## INSTRUCTIONS FOR THE TASK
Pictures are to be left out; otherwise, copy exactly the lines from the line containing "直流安培表表头结构采用磁电式,它的外形如图(l)所示,内部线路如图(2)所示." through the end of the data.
(SUPPLIED MATERIAL)
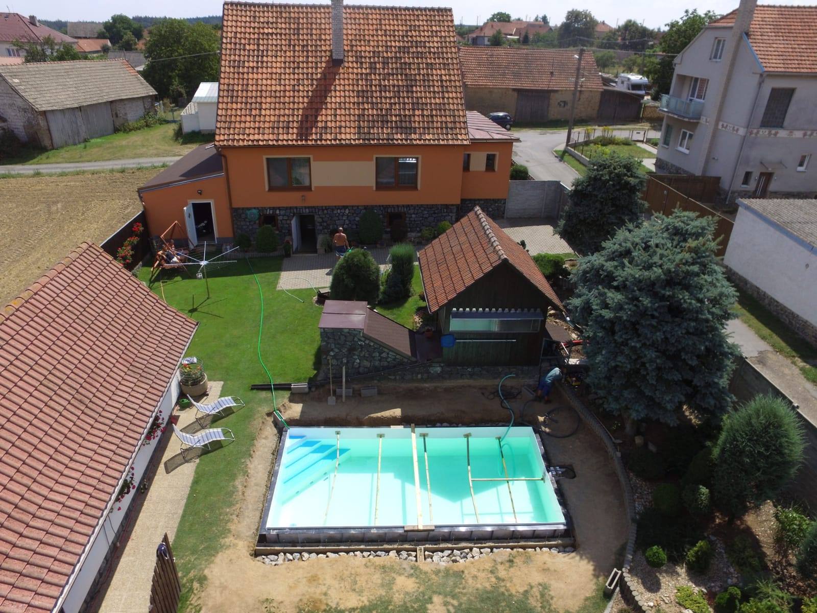 Byla to shoda náhod. Rodičům dělali vyfóliování staré betonové žumpy. Zavolala jsem se, jestli dělají i fóliové bazény. Nakonec jsme skončili u plastového :).
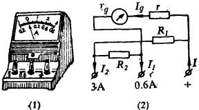 直流安培表表头结构采用磁电式,它的外形如图(l)所示,内部线路如图(2)所示.
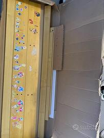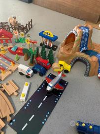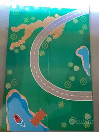 Tavolo giochi multiuso con pista trenino completa. Ideale dai 3 ai 5-6 anni. In ottime condizioni. Solo alcuni adesivi da togliere. Rimovibili.
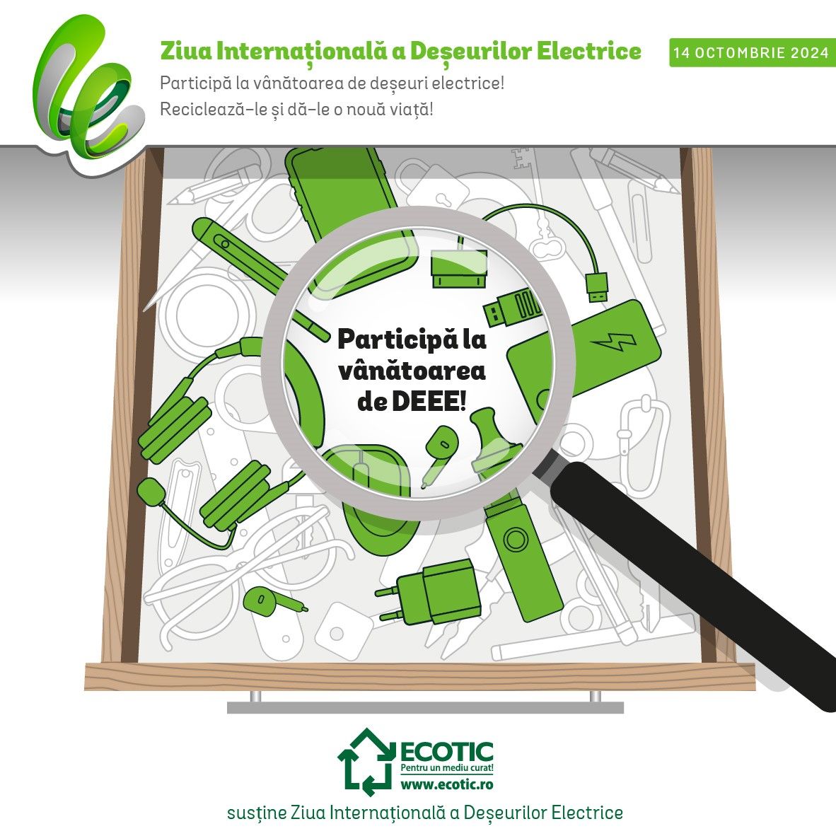 Ziua de 14 octombrie este din 2018 prilejul cu care o serie de organizații, la nivel internațional, aduc în atenția publicului larg, necesitatea colectării separate a deșeurilor de echipamente electrice și electronice și reciclarea acestora. În fiecare an, la nivel mondial, 14 milioane de tone de deșeuri de echipamente electrice și electronice ajung să fie aruncate împreună cu gunoiul menajer. Astfel, sunt risipite o serie de materii prime importante, unele dintre ele considerate critice: aluminiu, cupru, zinc și multe altele.
(End SUPPLIED MATERIAL)
## WRITTEN RESPONSE
 直流安培表表头结构采用磁电式,它的外形如图(l)所示,内部线路如图(2)所示.
 Tavolo giochi multiuso con pista trenino completa. Ideale dai 3 ai 5-6 anni. In ottime condizioni. Solo alcuni adesivi da togliere. Rimovibili.
 Ziua de 14 octombrie este din 2018 prilejul cu care o serie de organizații, la nivel internațional, aduc în atenția publicului larg, necesitatea colectării separate a deșeurilor de echipamente electrice și electronice și reciclarea acestora. În fiecare an, la nivel mondial, 14 milioane de tone de deșeuri de echipamente electrice și electronice ajung să fie aruncate împreună cu gunoiul menajer. Astfel, sunt risipite o serie de materii prime importante, unele dintre ele considerate critice: aluminiu, cupru, zinc și multe altele.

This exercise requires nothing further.